Manufacturing companies in China reported the strongest upturn in operating conditions since January 2013 at the end of 2016. Production expanded at the fastest pace in nearly six years, supported by a solid increase in total new work. As a result, companies raised their purchasing activity at a quicker rate than in November, which led to a renewed increase in stocks of inputs.
However, employment continued to decline, as companies made efforts to reduce their costs. Nonetheless, input price inflation picked up to its sharpest since early 2011 amid reports of higher raw material costs, which prompted firms to raise their selling prices at a marked rate.
The seasonally adjusted Purchasing Managers’ Index™ (PMI™) picked up from 50.9 in November to 51.9 at the end of 2016. Although modest overall, the latest reading pointed to the fastest rate of improvement in the health of the sector since January 2013.
A further rise in production at Chinese manufacturers supported the higher PMI reading in December. Notably, the rate of output growth accelerated to a 71-month high, with a number of panellists commenting on stronger underlying demand and new client wins.
This was highlighted by a sustained increase in new business during December. As was the case for output, the rate of new order book expansion accelerated since November, and was the strongest since July 2014. Data indicated that improved domestic demand was the key driver of
new business growth, however, as new export sales were unchanged in December.
Greater intakes of new work imparted further pressure on operating capacity in December, with backlogs of work increasing for the tenth month in a row. Moreover, the rate of accumulation was the strongest since July. There were also reports that fewer workers had also contributed to higher amounts of unfinished work.
Chinese manufacturers reduced their workforce numbers for the thirty-eighth month running, though the rate of job shedding was moderate overall. A number of companies mentioned that efforts to reduce their costs had underpinned the latest fall in staff numbers.
Higher amounts of new work led firms to raise their input buying again in December, and at the quickest rate in 29 months. As a result, stocks of purchases rose for the first time since September, albeit only slightly. Meanwhile, inventories of finished items continued to accumulate at a marginal pace.

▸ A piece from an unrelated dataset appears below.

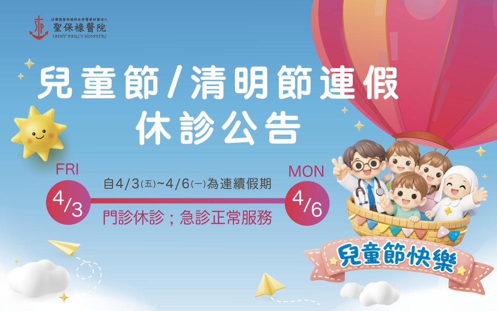 適逢兒童節/清明節連續假期,本院門診服務將進行調整,敬請留意就醫時間。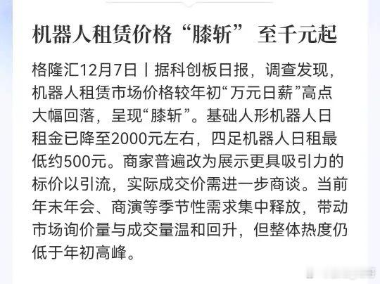 机器人租金这回真是跳水价了!年初还喊日薪过万,现在一两千就能租一天,跟打折促销似的。商家也学乖了,先标个低价把你吸引过来,具体多少钱再慢慢谈!赶上年末企业搞年会、商场做活动,租机器人的稍微多了点,但想回到年初那种火爆,还是差得远哦!要我说,这价格膝斩不算坏事。说明市场冷静下来了,虚火退了,让真正需要机器人的人用得起。长远看,租金实在点,机器人才能更快走进工厂、商场,变成咱们日常的一部分!不过商家也得想想,光拼价格不行,服务跟得上,用得顺手了,这门生意自然能做得长久!

Stronger demand for inputs led to a further lengthening of average delivery times, as some firms commented on shortages at suppliers. Notably, the rate of deterioration in vendor performance was the fastest in eight months. Inflationary pressures remained sharp in December, with average input prices rising at the fastest rate since March 2011. Output charges also rose sharply, despite the rate of increase softening slightly since November’s 69-month record.